Laboratory

The Laboratory for Plasma Processing of Materials in the Energy Research Facility features an array of state-of-the-art tools for plasma-based etching, synthesis or modification of materials. The tool set available in the laboratory includes plasma reactors, instruments that characterize the plasma or the surfaces of plasma-treated materials, and measurement tools that evaluate the crucial variables that determine the ultimate usefulness of the materials and structures thus produced. The available plasma reactors include devices for producing either highly ionized plasmas (fraction of charged particles in the percentage range) or reactors where the charged particle density is negligible but reactive atoms or molecular radicals formed in a remote plasma chamber interact with the material to be modified. Electron beam generated plasma characterized by a very low plasma potential and enabling processing at very low particle energies is being pursued for atomic scale processing.

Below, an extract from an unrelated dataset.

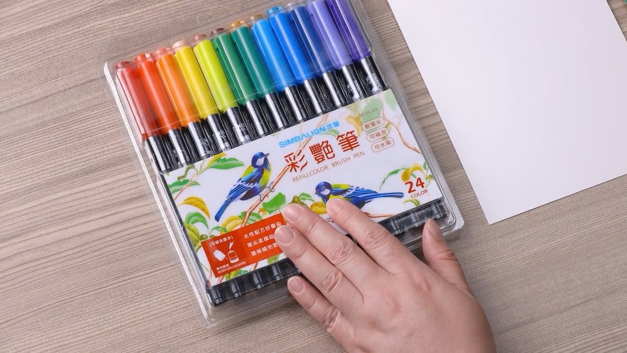 1.雄獅彩豔筆 24 色一盒,0.1 代針筆一支、太字牛奶筆一支

The laboratory has also focused on non-equilibrium plasma produced by various devices for treatment of materials and chemical processing at atmospheric pressure, and the researchers developed novel approaches for the study of LTP-surface interactions under these conditions. For these a significant number of important measurement tools, many of which can be applied in real time during actual plasma processing of materials, is available.

The images shown below provide views of researchers in the plasma processing laboratory at work and various equipment used in the laboratory. For a larger copy of an image, left click on the image.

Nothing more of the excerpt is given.